* [Prompt]: What you print should match the entries exactly, only without the pictures.

-=-=-

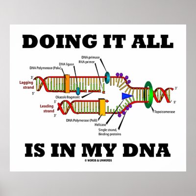 Showcase your wry molecular biology side with this poster featuring DNA replication along with the following saying for all who strive to do it all: "Doing It All Is In My DNA". Memorable geek attitude poster for anyone who manages to do it all! myWork
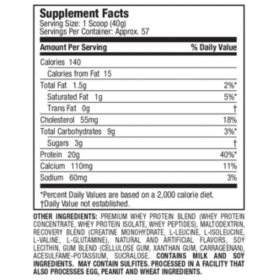 Muscletech premium whey protein is a dietary supplement sold as a protein rich shake for those individuals who want help recovering from arduous workouts. If you need a protein to get you from your workout to the office or to take along with you on your errands this is the protein for you. 2000g nutrition facts similar.
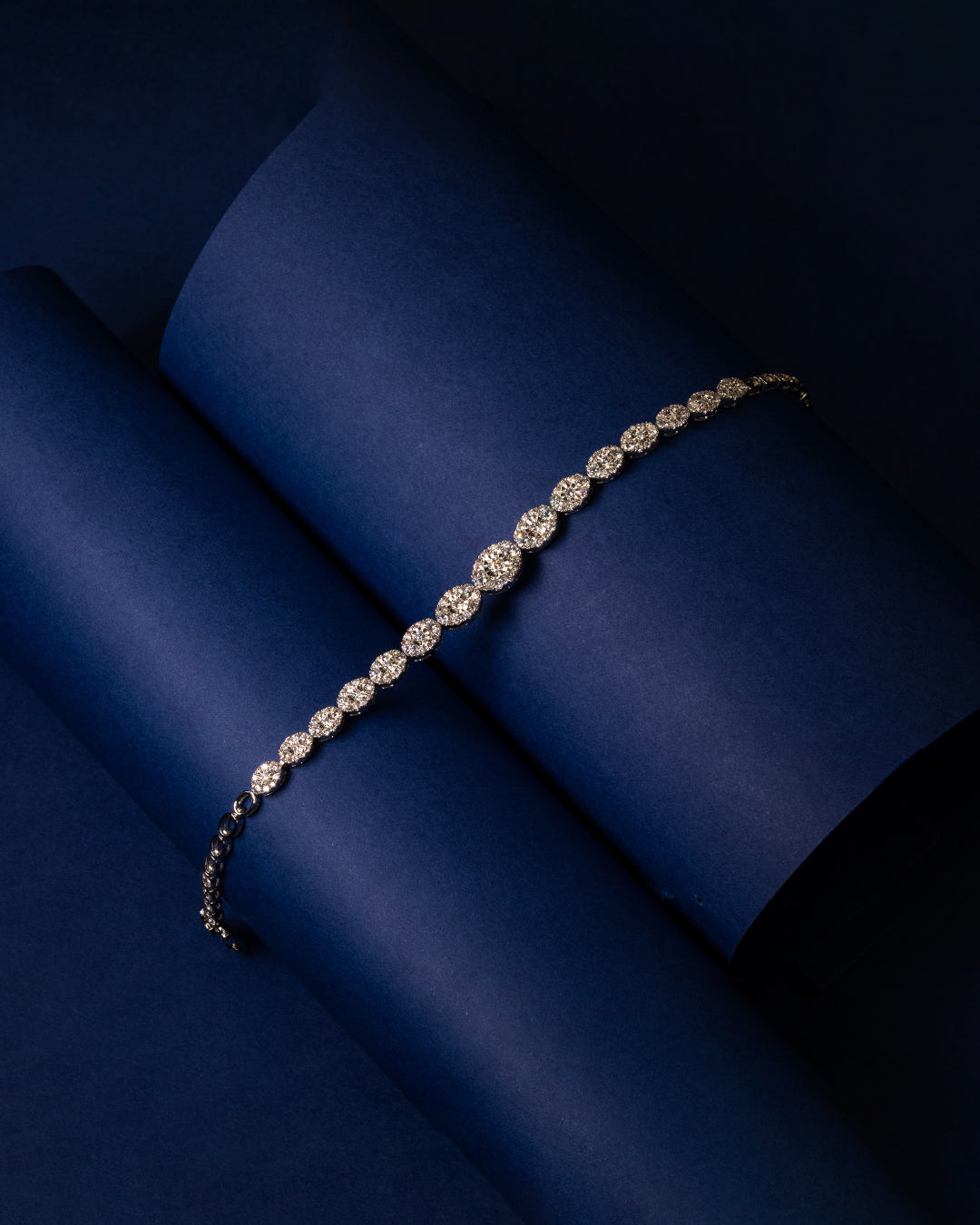 Crafted in 9.22 grams of 18K white gold, this elegant bracelet features 135 round-cut diamonds that sparkle with refined brilliance. The warm tone of the yellow gold beautifully complements the diamonds, creating a sophisticated and timeless design.
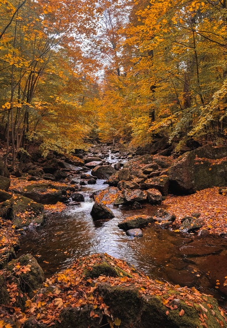 Wir gehen gleich in Richtung Ilse und sind schon beim ersten Anblick begeistert: Der kleine Fluss schlängelt sich glitzernd durch den bunten Herbstwald, begleitet vom Rascheln der Blätter und dem sanften Rauschen des Wassers. Es ist einer dieser Momente, in denen man sofort spürt – hier beginnt eine besondere Wanderung.
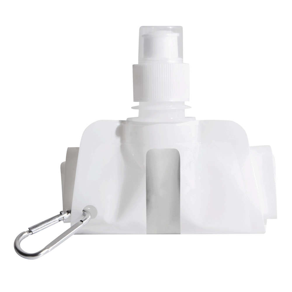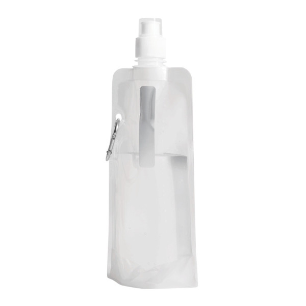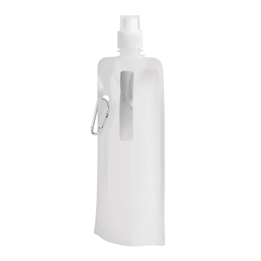 Water bag AQUAFOLD: foldable, can be rolled up when empty, transparent push-pull cap, with carabiner (the carabiner is NOT suitable for climbing), capacity approx. 400 ml
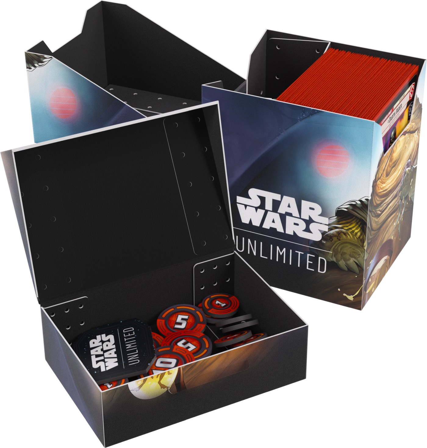 Gamegenic Star Wars: Unlimited Soft Crate to pudełko składające się z dwóch szufladek, przeznaczonych do noszenie podwójne zakoszulkowanej talii (maksymalnie 60 kart) i przechowywania żetonów. Pudełko jest także wyposażone w bezpieczny mechanizm zatrzaskowy, który chroni przed przypadkowym otwarciem, a jednocześnie umożliwia łatwy dostęp do talii. Każde pudełko dekoruje unikalna grafika, nawiązująca do bogatej historii uniwersum Gwiezdnych wojen.
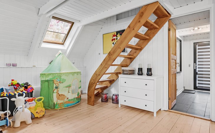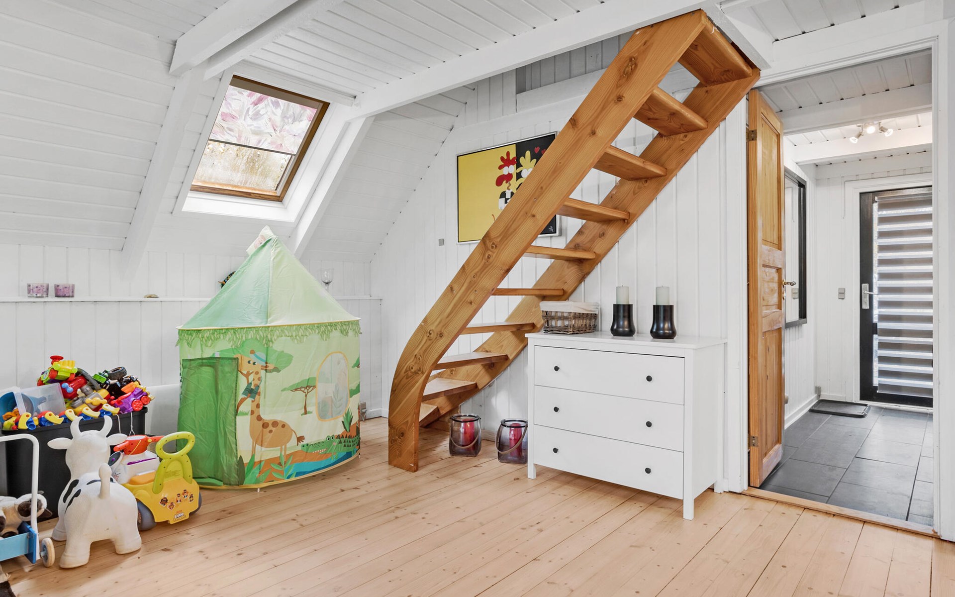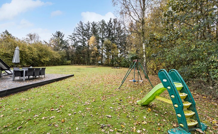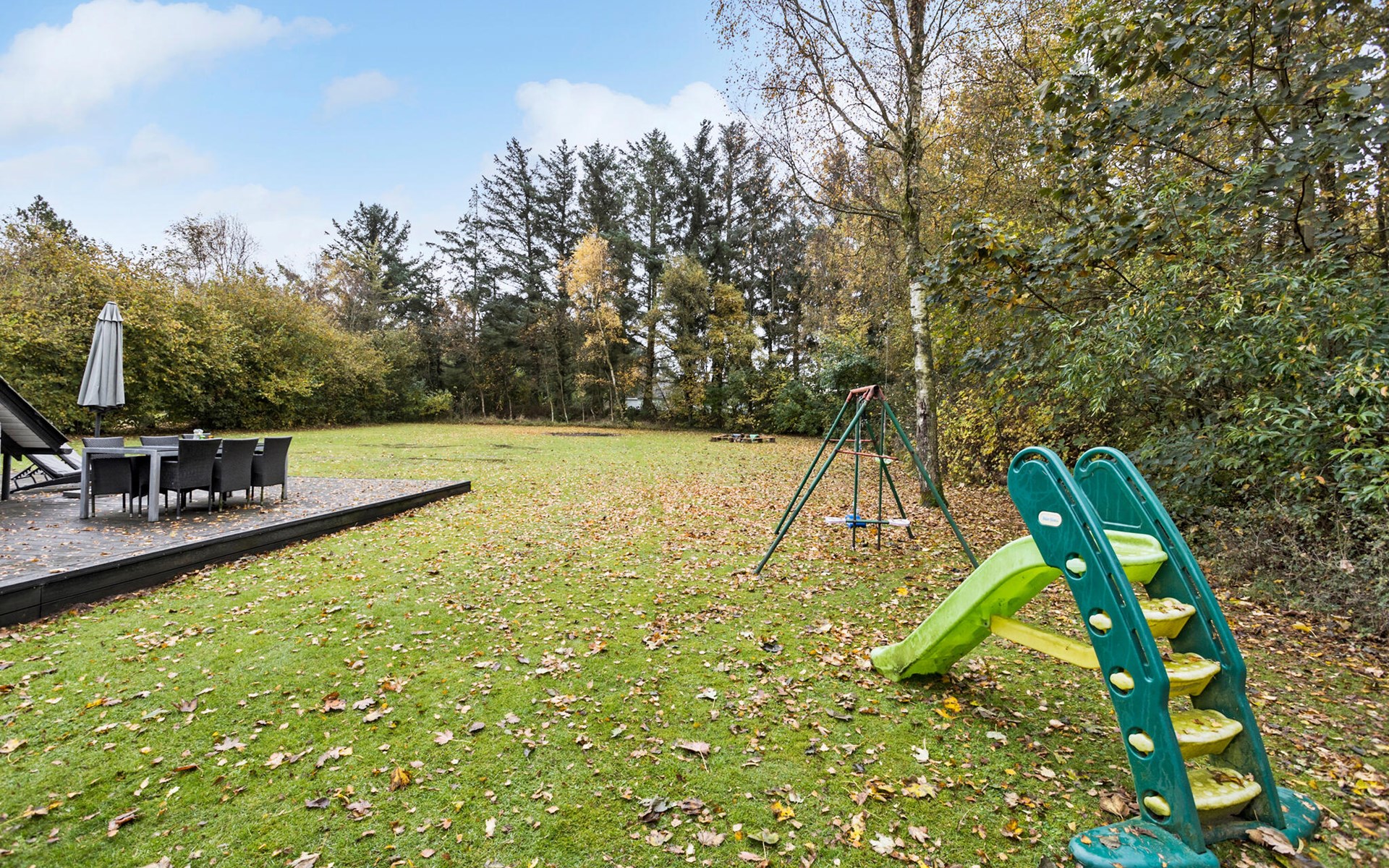 De ruime tuin biedt volop ruimte voor activiteiten zoals een potje voetbal met het gezin. Je kinderen kunnen zich ook vermaken op de trampoline en schommel. Maak de korte wandeling naar het fjord bij Kås Bredning en geniet van een verfrissende dag aan het water. Geniet 's avonds samen van een barbecue op het terras en sluit de dag gezellig af.
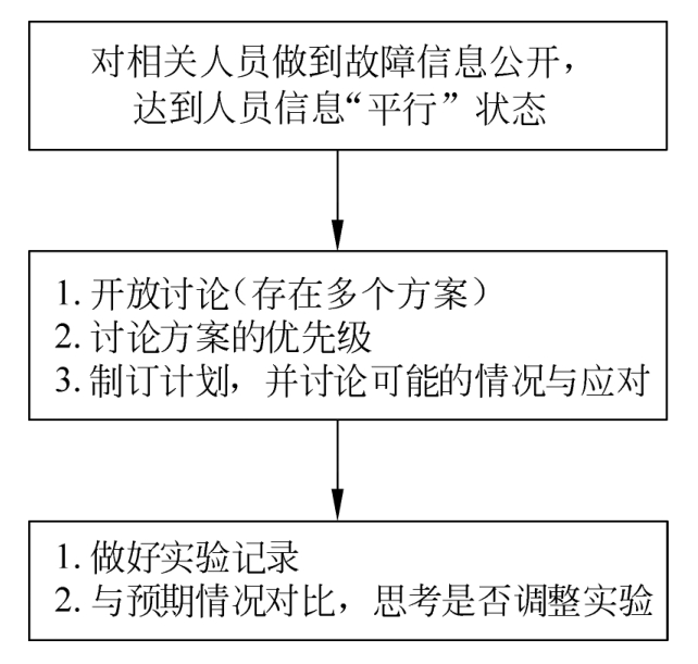 (1)在故障排查相关人员中(特别注意“相关”的真正含义),对已知信息做到公开。目的是相关人员做到信息对等,要求讲解人客观释放信息,切忌“带节奏”和“我认为”。
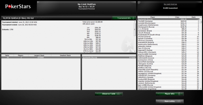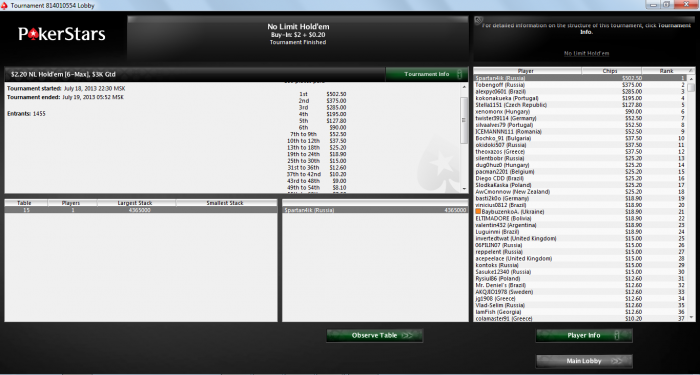Tournament started 2013/06/25 18:39:00 MSK [2013/06/25 10:39:00 ET]
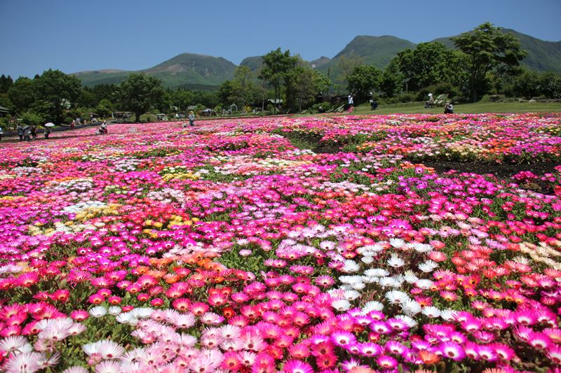 ・ 今日の花畑の様子です。 お出かけの参考にしてみてください** 花の宝石リビングストンデージー。 ・ お花のパレット春彩の畑(しゅんさいのはたけ)。 5色10種類の春の花を植えています。 ・ 空の青と溶け合う7万株のネモフィラ。 湖のような清々しい絶景が広がっています。
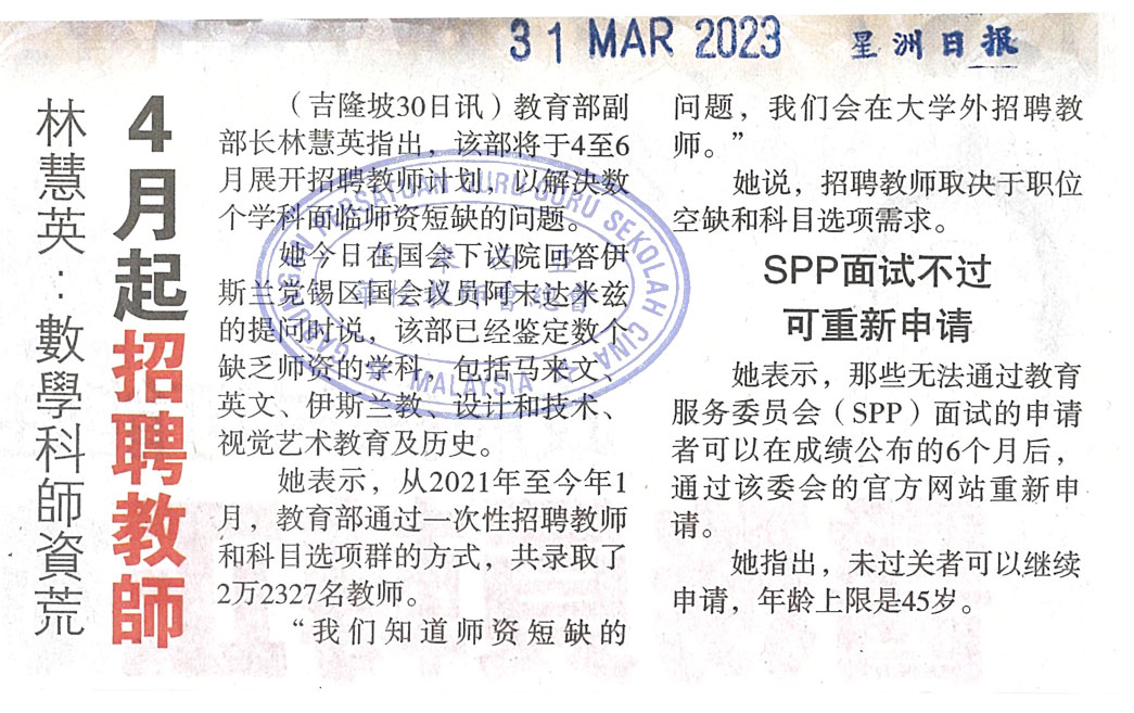 林慧英:数学科师资荒 4月起招聘教师
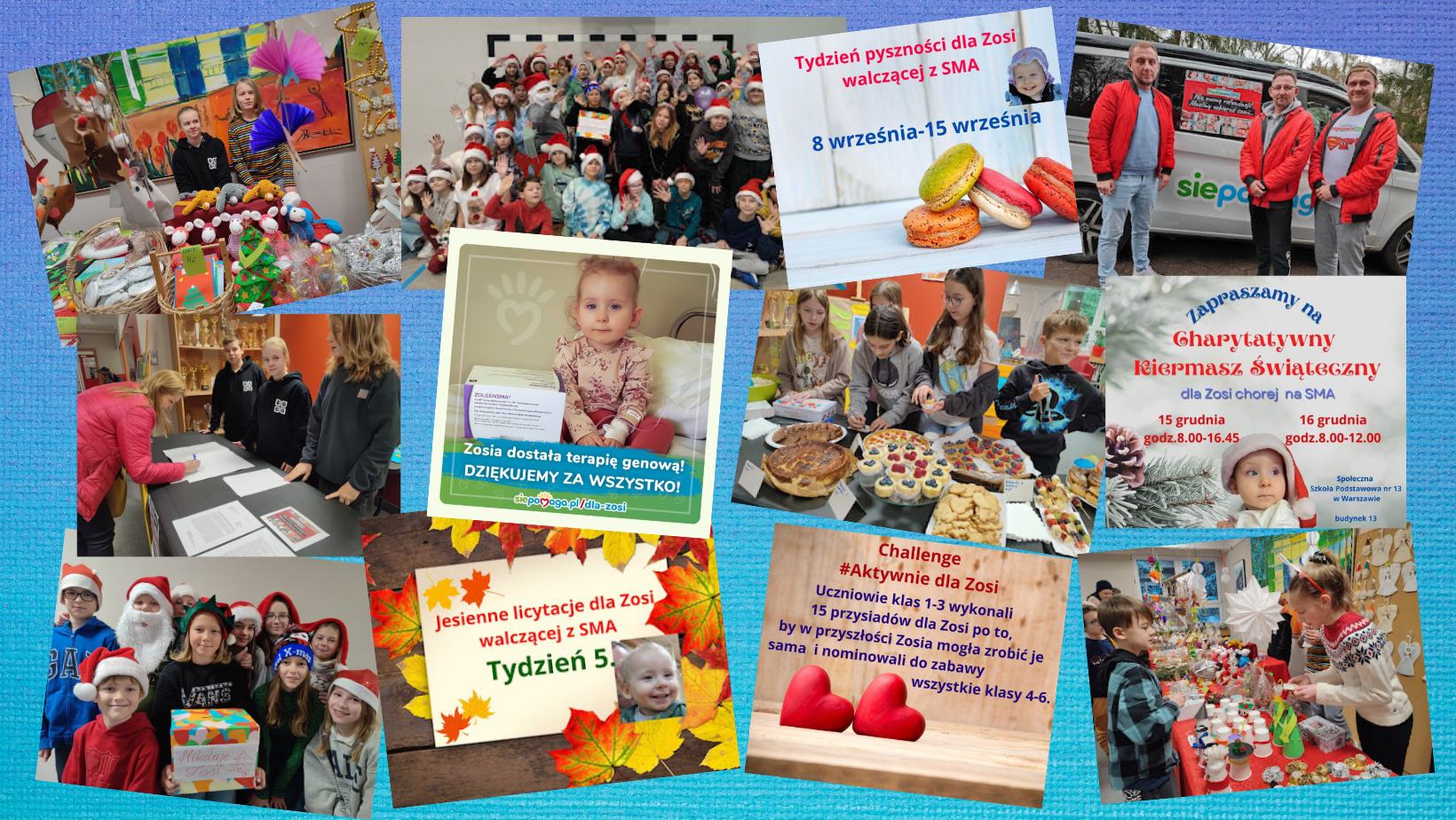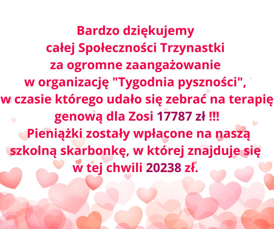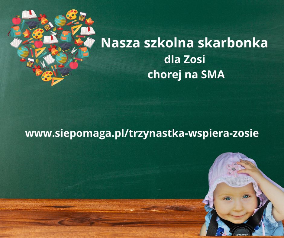 Dziękujemy wszystkim Uczniom, Rodzicom, Nauczycielom, Pracownikom Trzynastki oraz Przyjaciołom naszej szkoły za zaangażowanie w zbiórkę dla Zosi, za wpłaty, za udostępnienia postów, za przepyszne wypieki we wrześniu, za fanty na „Jesienne licytacje”, za złożenie podpisów pod petycją, za przepiękne rzeczy przygotowane na Świąteczny Kiermasz. Bez Waszej pomocy i zaangażowania wszystkie szkolne akcje dla Zosi nie byłyby możliwe.
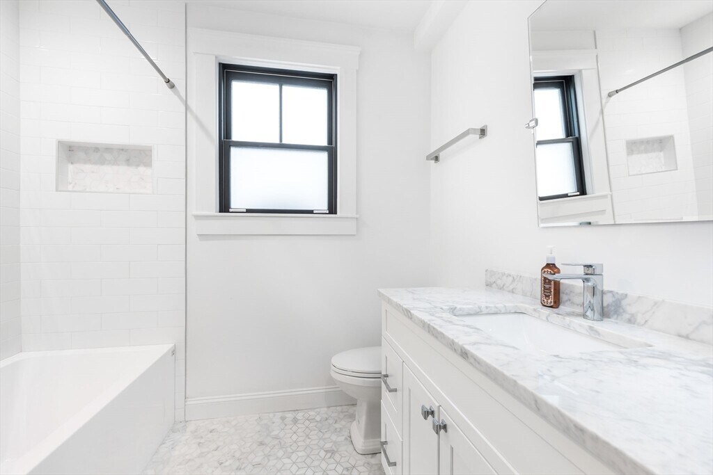 Nestled in East Boston’s vibrant Eagle Hill,this meticulously designed 2-bed,2-bath unit plus an office,with private outdoor space blends contemporary style with comfortability. The open-concept kitchen/living area,perfect for relaxing or entertaining,features a chef’s kitchen with high-end stainless steel appliances,sleek countertops & ample cabinetry. The spacious primary suite,strategically situated at the rear of the unit,boasts an en-suite bath,walk-in closet,and a private deck. The second bedroom accommodates a queen bed and offers a generous closet. Both full bathrooms feature modern vanities,sleek tile work and premium fixtures. Additional highlights include hardwood floors,central A/C,in-unit laundry,abundant built out closets throughout,and a shared enclosed yard. Close proximity to Downtown Boston,Logan Airport,subway and major highways. MLS# 73448867
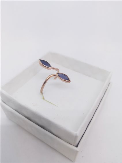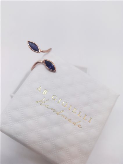 AB GIOIELLI handmade in Lecce Italy Anello contrarier in argento 925 placcato oro rosa 24kt con due pietre di topazio London taglio navetta (0,9mm), color blu intenso. Misura 14 regolabile Gioiello anallergico nickelfree

-=-=-

* [Exercise response]:
 Showcase your wry molecular biology side with this poster featuring DNA replication along with the following saying for all who strive to do it all: "Doing It All Is In My DNA". Memorable geek attitude poster for anyone who manages to do it all! myWork
 Muscletech premium whey protein is a dietary supplement sold as a protein rich shake for those individuals who want help recovering from arduous workouts. If you need a protein to get you from your workout to the office or to take along with you on your errands this is the protein for you. 2000g nutrition facts similar.
 Crafted in 9.22 grams of 18K white gold, this elegant bracelet features 135 round-cut diamonds that sparkle with refined brilliance. The warm tone of the yellow gold beautifully complements the diamonds, creating a sophisticated and timeless design.
 Wir gehen gleich in Richtung Ilse und sind schon beim ersten Anblick begeistert: Der kleine Fluss schlängelt sich glitzernd durch den bunten Herbstwald, begleitet vom Rascheln der Blätter und dem sanften Rauschen des Wassers. Es ist einer dieser Momente, in denen man sofort spürt – hier beginnt eine besondere Wanderung.
 Water bag AQUAFOLD: foldable, can be rolled up when empty, transparent push-pull cap, with carabiner (the carabiner is NOT suitable for climbing), capacity approx. 400 ml
 Gamegenic Star Wars: Unlimited Soft Crate to pudełko składające się z dwóch szufladek, przeznaczonych do noszenie podwójne zakoszulkowanej talii (maksymalnie 60 kart) i przechowywania żetonów. Pudełko jest także wyposażone w bezpieczny mechanizm zatrzaskowy, który chroni przed przypadkowym otwarciem, a jednocześnie umożliwia łatwy dostęp do talii. Każde pudełko dekoruje unikalna grafika, nawiązująca do bogatej historii uniwersum Gwiezdnych wojen.
 De ruime tuin biedt volop ruimte voor activiteiten zoals een potje voetbal met het gezin. Je kinderen kunnen zich ook vermaken op de trampoline en schommel. Maak de korte wandeling naar het fjord bij Kås Bredning en geniet van een verfrissende dag aan het water. Geniet 's avonds samen van een barbecue op het terras en sluit de dag gezellig af.
 (1)在故障排查相关人员中(特别注意“相关”的真正含义),对已知信息做到公开。目的是相关人员做到信息对等,要求讲解人客观释放信息,切忌“带节奏”和“我认为”。
Tournament started 2013/06/25 18:39:00 MSK [2013/06/25 10:39:00 ET]
 ・ 今日の花畑の様子です。 お出かけの参考にしてみてください** 花の宝石リビングストンデージー。 ・ お花のパレット春彩の畑(しゅんさいのはたけ)。 5色10種類の春の花を植えています。 ・ 空の青と溶け合う7万株のネモフィラ。 湖のような清々しい絶景が広がっています。
 林慧英:数学科师资荒 4月起招聘教师
 Dziękujemy wszystkim Uczniom, Rodzicom, Nauczycielom, Pracownikom Trzynastki oraz Przyjaciołom naszej szkoły za zaangażowanie w zbiórkę dla Zosi, za wpłaty, za udostępnienia postów, za przepyszne wypieki we wrześniu, za fanty na „Jesienne licytacje”, za złożenie podpisów pod petycją, za przepiękne rzeczy przygotowane na Świąteczny Kiermasz. Bez Waszej pomocy i zaangażowania wszystkie szkolne akcje dla Zosi nie byłyby możliwe.
 Nestled in East Boston’s vibrant Eagle Hill,this meticulously designed 2-bed,2-bath unit plus an office,with private outdoor space blends contemporary style with comfortability. The open-concept kitchen/living area,perfect for relaxing or entertaining,features a chef’s kitchen with high-end stainless steel appliances,sleek countertops & ample cabinetry. The spacious primary suite,strategically situated at the rear of the unit,boasts an en-suite bath,walk-in closet,and a private deck. The second bedroom accommodates a queen bed and offers a generous closet. Both full bathrooms feature modern vanities,sleek tile work and premium fixtures. Additional highlights include hardwood floors,central A/C,in-unit laundry,abundant built out closets throughout,and a shared enclosed yard. Close proximity to Downtown Boston,Logan Airport,subway and major highways. MLS# 73448867
 AB GIOIELLI handmade in Lecce Italy Anello contrarier in argento 925 placcato oro rosa 24kt con due pietre di topazio London taglio navetta (0,9mm), color blu intenso. Misura 14 regolabile Gioiello anallergico nickelfree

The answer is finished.